# WHAT THE EXERCISE ASKS
Exact transcription of the data below is required, without the images.

# SUPPLIED DATA
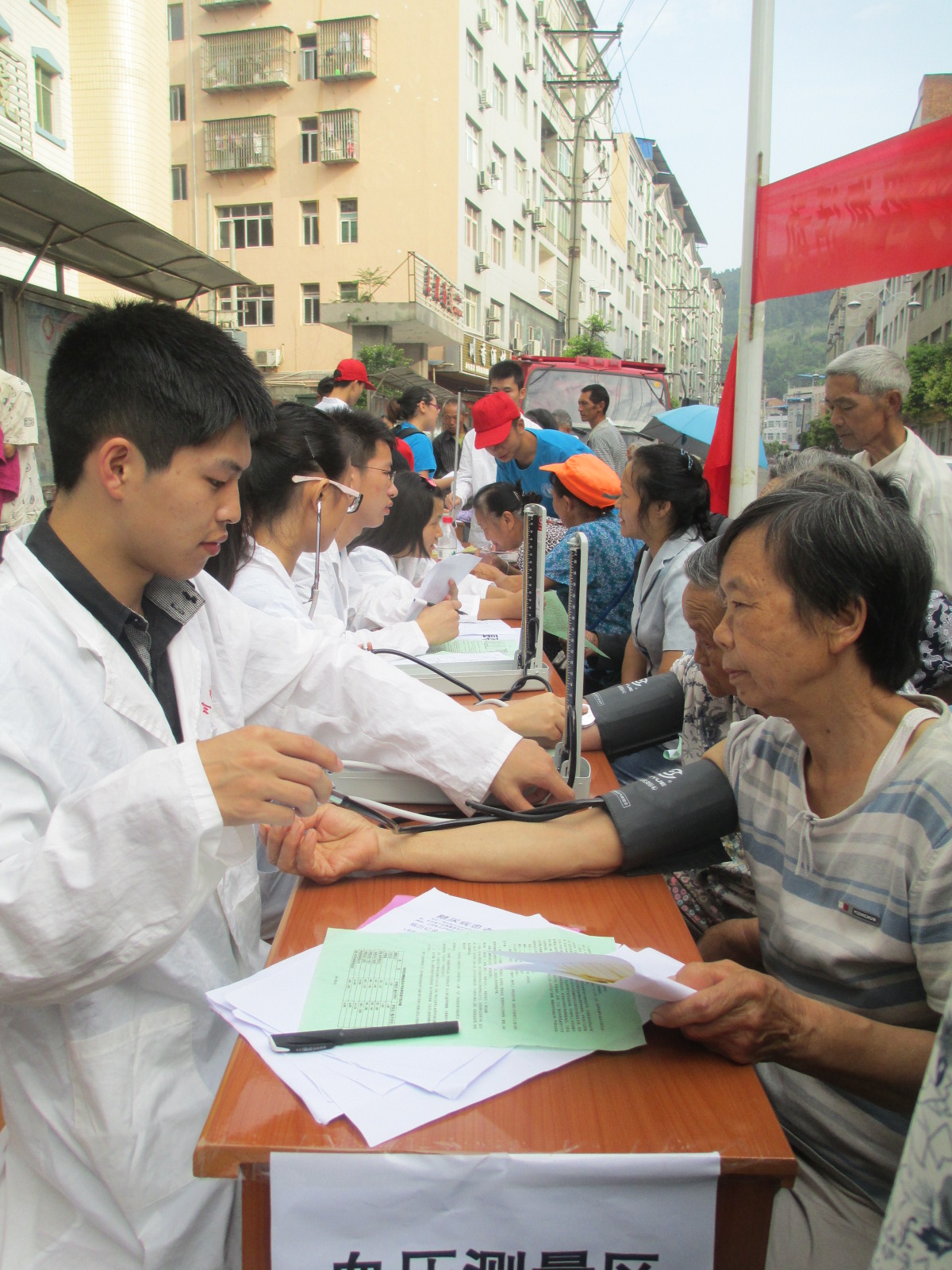 活动开始后,川北医学院社会服务队分组给马鞍人民做了测量血压、听诊心肺等多项常规检查。随后由川北医学院邓老师和仪陇县第二人民医院龙荣华主任出席会诊。对此,当地百姓大加赞赏,其中有一大爷感激道:“谢谢国家,谢谢你们啊!”
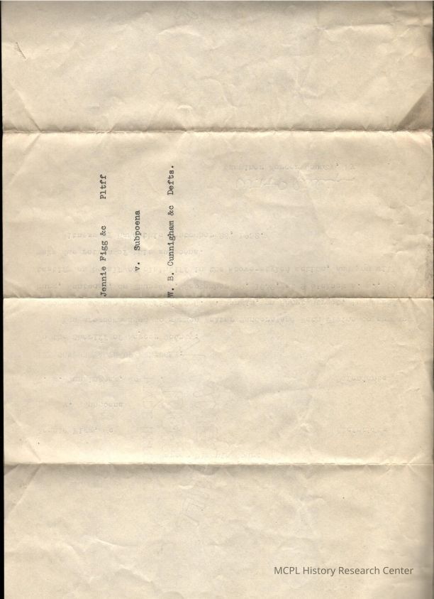 Jennie Figg v Walter SandersEntry/Object ID
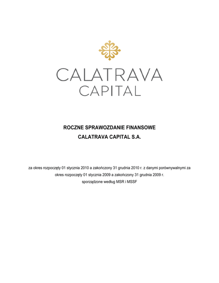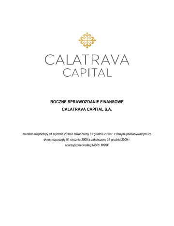 ROCZNE SPRAWOZDANIE FINANSOWE CALATRAVA CAPITAL S.A. za okres rozpoczęty 01 stycznia 2010 a zakończony 31 grudnia 2010 r. z danymi porównywalnymi za okres rozpoczęty 01 stycznia 2009 a zakończony 31 grudnia 2009 r. sporządzone według MSR i MSSF ROCZNE SPRAWOZDANIE FINANSOWE CALATRAVA CAPITAL S.A. za 2010 r. WYBRANE DANE FINANSOWE SPÓŁKI CALATRAVA CAPITAL S.A. NA 31.12.2010 ............................ 3 LIST PREZESA DO AKCJONARIUSZY CALATRAVA CAPITAL S.A. ..................................................... 4 OPINIA NIEZALEŻNEGO BIEGŁEGO REWIDENTA ............................................................................ 6 A.INFORMACJE OGÓLNE ............................................................................................................................... 9 B. ANALIZA WYNIKU FINANSOWEGO ORAZ SYTUACJI MAJĄTKOWEJ I FINANSOWEJ SPÓŁKI ... 15 OŚWIADCZENIE ZARZĄDU ............................................................................................................26 ROCZNE SPRAWOZDANIE Z SYTUACJI FINANSOWEJ CALATRAVA CAPITAL S.A. NA 31.12.2010 ....27 SPRAWOZDANIE Z CAŁKOWITYCH DOCHODÓW CALATRAVA CAPITAL ZA OKRES 01.01.2010-31.12.2010 .....................................................................................................................................................29 INFORMACJA DODATKOWA DO ROCZNEGO SPRAWOZDANIA FINANSOWEGO CALATRAVA CAPITAL S.A. ZA ROK 2010 .................................................................................................................................33 I. WPROWADZENIE ...................................................................................................................................... 33 II. OŚWIADCZENIE O ZGODNOŚCI Z MSSF...................................................................................................... 34 III. STOSOWANE NADRZĘDNE ZASADY RACHUNKOWOŚCI ................................................................................. 34 IV. ISTOTNE ZASADY RACHUNKOWOŚCI .......................................................................................................... 35 V. NOTY OBJAŚNIAJĄCE DO ROCZNEGO SPRAWOZDANIA Z SYTUACJI FINANSOWEJ CALATRAVA CAPITAL S.A. ................................................................................................................................................. 41 1. WARTOŚCI NIEMATERIALNE I PRAWNE ..................................................................................................... 41 2. NIERUCHOMOŚCI INWESTYCYJNE ............................................................................................................ 44 3. RZECZOWE AKTYWA TRWAŁE ................................................................................................................... 45 4. DŁUGOTERMINOWE AKTYWA FINANSOWE ............................................................................................... 48 5. AKTYWA Z TYTUŁU ODROCZONEGO PODATKU DOCHODOWEGO ............................................................ 51 6. NALEśNOŚCI DŁUGOTERMINOWE ............................................................................................................. 52 7. ZAPASY...................................................................................................................................................... 52 8. NALEśNOŚCI KRÓTKOTERMINOWE ........................................................................................................... 53 9. ŚRODKI PIENIĘśNE I ICH EKWIWALENTY................................................................................................... 55 10. INNE INWESTYCJE KRÓTKOTERMINOWE ................................................................................................ 55 11. AKTYWA DŁUGOTERMINOWE SKLASYFIKOWANE JAKO DOSTĘPNE DO SPRZEDAśY ............................. 57 12. CZYNNE ROZLICZENIA MIĘDZYOKRESOWE ............................................................................................ 57 13. KAPITAŁ PODSTAWOWY .......................................................................................................................... 58 14. KAPITAŁ Z AKTUALIZACJI WYCENY.......................................................................................................... 61 15. ZOBOWIĄZANIA DŁUGOTERMINOWE ....................................................................................................... 61 16. DŁUGOTERMINOWA REZERWA NA ŚWIADCZENIA EMERYTALNE ............................................................ 64 17. REZERWA Z TYTUŁU ODROCZONEGO PODATKU DOCHODOWEGO ........................................................ 64 18. ZOBOWIĄZANIA KRÓTKOTERMINOWE ..................................................................................................... 65 19. ZOBOWIĄZANIA POZABILANSOWE........................................................................................................... 67 20. POZOSTAŁE REZERWY KRÓTKOTERMINOWE ......................................................................................... 69 21. WARTOŚĆ KSIĘGOWA AKCJI ................................................................................................................... 69 VI. NOTY OBJAŚNIAJĄCE DO ROCZNEGO SPRAWOZDANIA Z CAŁKOWITYCH DOCHODÓW ........ 70 22. PRZYCHODY ZE SPRZEDAśY................................................................................................................... 70 23. KOSZTY WEDŁUG RODZAJU .................................................................................................................... 70 24. POZOSTAŁE PRZYCHODY I KOSZTY OPERACYJNE ................................................................................. 71 25. ZYSK/(STRATA) Z INWESTYCJI ................................................................................................................. 71 26. PRZYCHODY I KOSZTY FINANSOWE .............................................

# ANSWER BOX
 活动开始后,川北医学院社会服务队分组给马鞍人民做了测量血压、听诊心肺等多项常规检查。随后由川北医学院邓老师和仪陇县第二人民医院龙荣华主任出席会诊。对此,当地百姓大加赞赏,其中有一大爷感激道:“谢谢国家,谢谢你们啊!”
 Jennie Figg v Walter SandersEntry/Object ID
 ROCZNE SPRAWOZDANIE FINANSOWE CALATRAVA CAPITAL S.A. za okres rozpoczęty 01 stycznia 2010 a zakończony 31 grudnia 2010 r. z danymi porównywalnymi za okres rozpoczęty 01 stycznia 2009 a zakończony 31 grudnia 2009 r. sporządzone według MSR i MSSF ROCZNE SPRAWOZDANIE FINANSOWE CALATRAVA CAPITAL S.A. za 2010 r. WYBRANE DANE FINANSOWE SPÓŁKI CALATRAVA CAPITAL S.A. NA 31.12.2010 ............................ 3 LIST PREZESA DO AKCJONARIUSZY CALATRAVA CAPITAL S.A. ..................................................... 4 OPINIA NIEZALEŻNEGO BIEGŁEGO REWIDENTA ............................................................................ 6 A.INFORMACJE OGÓLNE ............................................................................................................................... 9 B. ANALIZA WYNIKU FINANSOWEGO ORAZ SYTUACJI MAJĄTKOWEJ I FINANSOWEJ SPÓŁKI ... 15 OŚWIADCZENIE ZARZĄDU ............................................................................................................26 ROCZNE SPRAWOZDANIE Z SYTUACJI FINANSOWEJ CALATRAVA CAPITAL S.A. NA 31.12.2010 ....27 SPRAWOZDANIE Z CAŁKOWITYCH DOCHODÓW CALATRAVA CAPITAL ZA OKRES 01.01.2010-31.12.2010 .....................................................................................................................................................29 INFORMACJA DODATKOWA DO ROCZNEGO SPRAWOZDANIA FINANSOWEGO CALATRAVA CAPITAL S.A. ZA ROK 2010 .................................................................................................................................33 I. WPROWADZENIE ...................................................................................................................................... 33 II. OŚWIADCZENIE O ZGODNOŚCI Z MSSF...................................................................................................... 34 III. STOSOWANE NADRZĘDNE ZASADY RACHUNKOWOŚCI ................................................................................. 34 IV. ISTOTNE ZASADY RACHUNKOWOŚCI .......................................................................................................... 35 V. NOTY OBJAŚNIAJĄCE DO ROCZNEGO SPRAWOZDANIA Z SYTUACJI FINANSOWEJ CALATRAVA CAPITAL S.A. ................................................................................................................................................. 41 1. WARTOŚCI NIEMATERIALNE I PRAWNE ..................................................................................................... 41 2. NIERUCHOMOŚCI INWESTYCYJNE ............................................................................................................ 44 3. RZECZOWE AKTYWA TRWAŁE ................................................................................................................... 45 4. DŁUGOTERMINOWE AKTYWA FINANSOWE ............................................................................................... 48 5. AKTYWA Z TYTUŁU ODROCZONEGO PODATKU DOCHODOWEGO ............................................................ 51 6. NALEśNOŚCI DŁUGOTERMINOWE ............................................................................................................. 52 7. ZAPASY...................................................................................................................................................... 52 8. NALEśNOŚCI KRÓTKOTERMINOWE ........................................................................................................... 53 9. ŚRODKI PIENIĘśNE I ICH EKWIWALENTY................................................................................................... 55 10. INNE INWESTYCJE KRÓTKOTERMINOWE ................................................................................................ 55 11. AKTYWA DŁUGOTERMINOWE SKLASYFIKOWANE JAKO DOSTĘPNE DO SPRZEDAśY ............................. 57 12. CZYNNE ROZLICZENIA MIĘDZYOKRESOWE ............................................................................................ 57 13. KAPITAŁ PODSTAWOWY .......................................................................................................................... 58 14. KAPITAŁ Z AKTUALIZACJI WYCENY.......................................................................................................... 61 15. ZOBOWIĄZANIA DŁUGOTERMINOWE ....................................................................................................... 61 16. DŁUGOTERMINOWA REZERWA NA ŚWIADCZENIA EMERYTALNE ............................................................ 64 17. REZERWA Z TYTUŁU ODROCZONEGO PODATKU DOCHODOWEGO ........................................................ 64 18. ZOBOWIĄZANIA KRÓTKOTERMINOWE ..................................................................................................... 65 19. ZOBOWIĄZANIA POZABILANSOWE........................................................................................................... 67 20. POZOSTAŁE REZERWY KRÓTKOTERMINOWE ......................................................................................... 69 21. WARTOŚĆ KSIĘGOWA AKCJI ................................................................................................................... 69 VI. NOTY OBJAŚNIAJĄCE DO ROCZNEGO SPRAWOZDANIA Z CAŁKOWITYCH DOCHODÓW ........ 70 22. PRZYCHODY ZE SPRZEDAśY................................................................................................................... 70 23. KOSZTY WEDŁUG RODZAJU .................................................................................................................... 70 24. POZOSTAŁE PRZYCHODY I KOSZTY OPERACYJNE ................................................................................. 71 25. ZYSK/(STRATA) Z INWESTYCJI ................................................................................................................. 71 26. PRZYCHODY I KOSZTY FINANSOWE .............................................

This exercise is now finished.